:: Records supplied ::

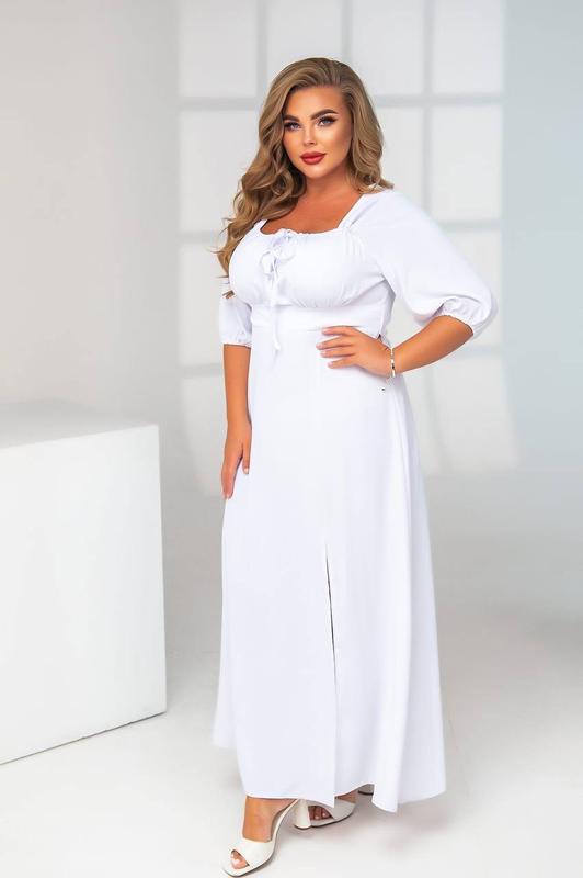 Плаття довге з ліхтариками з квадратним вирізом декольте зі складкою із
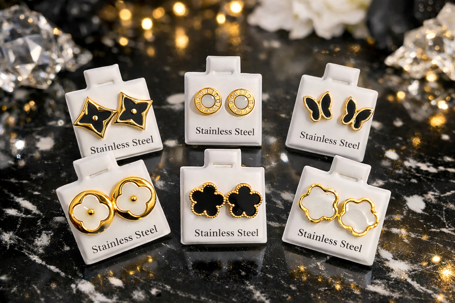 Descubre esta elegante colección de pendientes de acero inoxidable con acabados dorados y diseños modernos. Cada modelo combina delicadeza y estilo, ofreciendo diferentes formas como trébol, mariposa, círculo o estrella para adaptarse a todos los gustos.
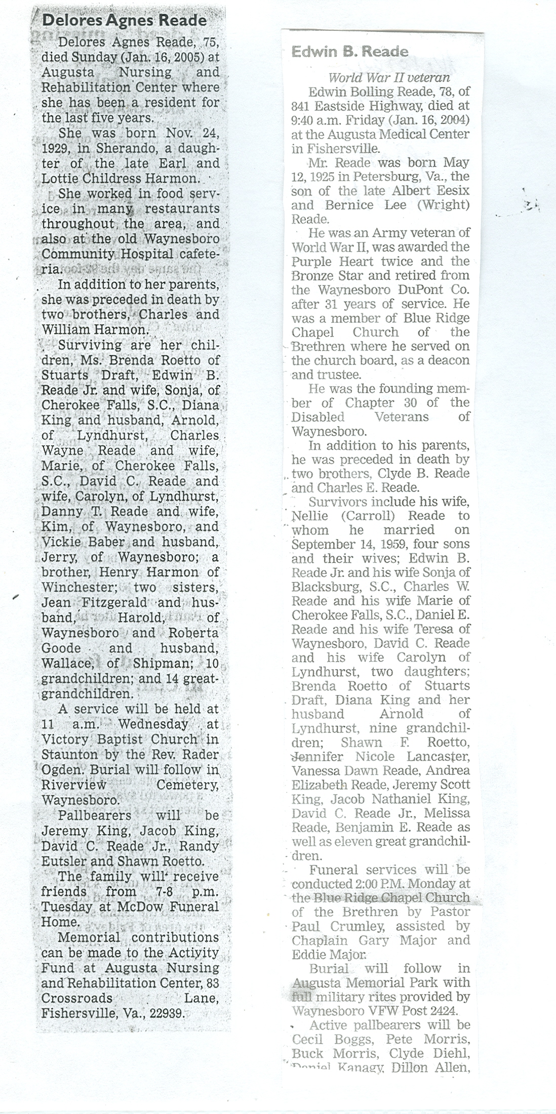 445. Obituary from Waynesboro, VA Newspaper, Delores Agnes Reade.
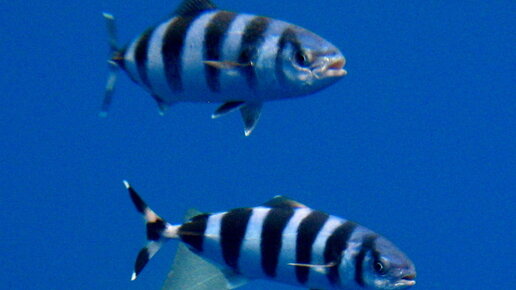 Naucrates ductor, лоцман, относится к семейству ставридовых, отряду колючепёрых костистых рыб, Sеlасhii. К этому же отряду относятся акулы, химеры и скаты. Длина тела рыбы-лоцмана составляет около полуметра. Отличительными чертами являются три короткие колючки, заменяющие спинной плавник, а также специфические кили из чешуек, находящиеся на хвостовом стебле. Окраска рыбы обычно белая с синеватым отливом, на теле 5-7 поперечных темных полос. Обычные места обитания лоцмана — тропические и субтропические моря, иногда встречается в умеренных водах...
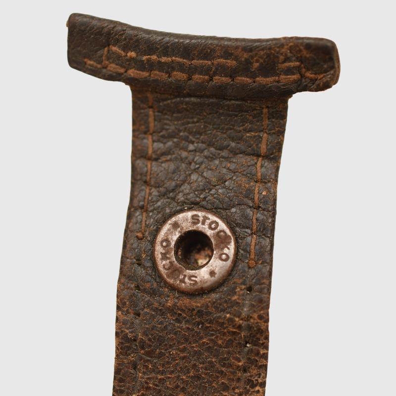 A very good E.T. 71 sized shell painted in a semi tropical finish, possibly used in either North Africa or Southern Italy, at least 70% of the original tropical paint finish remaining, with losses of the paint to the crown area, this is the early three hole spanner bolt model, the inner lining all complete with a single slight tear between one of the stamped holes, the shell size and liner size is faint but visible, also faint traces of the manufacturer, 1/3rd of the stitching that joins the two liner halves together appears to have been restored, with some of the stitching rotted, the inner rubber cushion is solid, the helmet is complete with its original set of chinstrap’s with the two sliding male adjusters present, and the single female stud complete and functioning correctly. More extensive, extra images can be seen on our new Premium website, type in regimentalsmilitaria.co.uk in to your web browser.
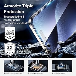 Compatibility: only for iPhone 15 Pro Ultimate Screen Protection: Armorite glass, tempered to the highest degree, provides 110-lb impact resistance and ultra-tough scratch resistance to keep your screen powerfully protected against drops, bumps, and scratches Smooth and Clean: thin oleophobic coating resists fingerprints and smudges to ensure your screen always stays clean and totally responsive Easy to Apply: included application frame for screen protector and alignment guide for individual lens protectors, plus cleaning kit and dust-repellent adhesive, make bubble-free application quick and easy What’s Included: 3 Armorite screen protectors, 2 sets of individual lens protectors, application frame, alignment guide, cleaning kit, and manual
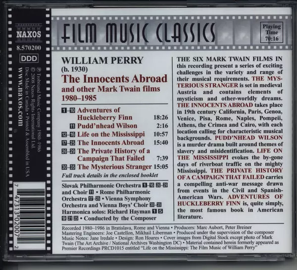 Richard Hayman: The Innocents Abroad / Music for Mark Twain Films verzia na CD v štandardný edícii. Toto konkrétne vydanie vyšlo vo vydavateľstve Naxos dňa 7. apríla 2008. Album zasahuje do žánrov Klasická hudba a Stage & Screen. Filmmusik.

:: Work instruction ::
Once the pictures are set aside, transcribe the remaining lines above exactly.

:: Answer box ::
 Плаття довге з ліхтариками з квадратним вирізом декольте зі складкою із
 Descubre esta elegante colección de pendientes de acero inoxidable con acabados dorados y diseños modernos. Cada modelo combina delicadeza y estilo, ofreciendo diferentes formas como trébol, mariposa, círculo o estrella para adaptarse a todos los gustos.
 445. Obituary from Waynesboro, VA Newspaper, Delores Agnes Reade.
 Naucrates ductor, лоцман, относится к семейству ставридовых, отряду колючепёрых костистых рыб, Sеlасhii. К этому же отряду относятся акулы, химеры и скаты. Длина тела рыбы-лоцмана составляет около полуметра. Отличительными чертами являются три короткие колючки, заменяющие спинной плавник, а также специфические кили из чешуек, находящиеся на хвостовом стебле. Окраска рыбы обычно белая с синеватым отливом, на теле 5-7 поперечных темных полос. Обычные места обитания лоцмана — тропические и субтропические моря, иногда встречается в умеренных водах...
 A very good E.T. 71 sized shell painted in a semi tropical finish, possibly used in either North Africa or Southern Italy, at least 70% of the original tropical paint finish remaining, with losses of the paint to the crown area, this is the early three hole spanner bolt model, the inner lining all complete with a single slight tear between one of the stamped holes, the shell size and liner size is faint but visible, also faint traces of the manufacturer, 1/3rd of the stitching that joins the two liner halves together appears to have been restored, with some of the stitching rotted, the inner rubber cushion is solid, the helmet is complete with its original set of chinstrap’s with the two sliding male adjusters present, and the single female stud complete and functioning correctly. More extensive, extra images can be seen on our new Premium website, type in regimentalsmilitaria.co.uk in to your web browser.
 Compatibility: only for iPhone 15 Pro Ultimate Screen Protection: Armorite glass, tempered to the highest degree, provides 110-lb impact resistance and ultra-tough scratch resistance to keep your screen powerfully protected against drops, bumps, and scratches Smooth and Clean: thin oleophobic coating resists fingerprints and smudges to ensure your screen always stays clean and totally responsive Easy to Apply: included application frame for screen protector and alignment guide for individual lens protectors, plus cleaning kit and dust-repellent adhesive, make bubble-free application quick and easy What’s Included: 3 Armorite screen protectors, 2 sets of individual lens protectors, application frame, alignment guide, cleaning kit, and manual
 Richard Hayman: The Innocents Abroad / Music for Mark Twain Films verzia na CD v štandardný edícii. Toto konkrétne vydanie vyšlo vo vydavateľstve Naxos dňa 7. apríla 2008. Album zasahuje do žánrov Klasická hudba a Stage & Screen. Filmmusik.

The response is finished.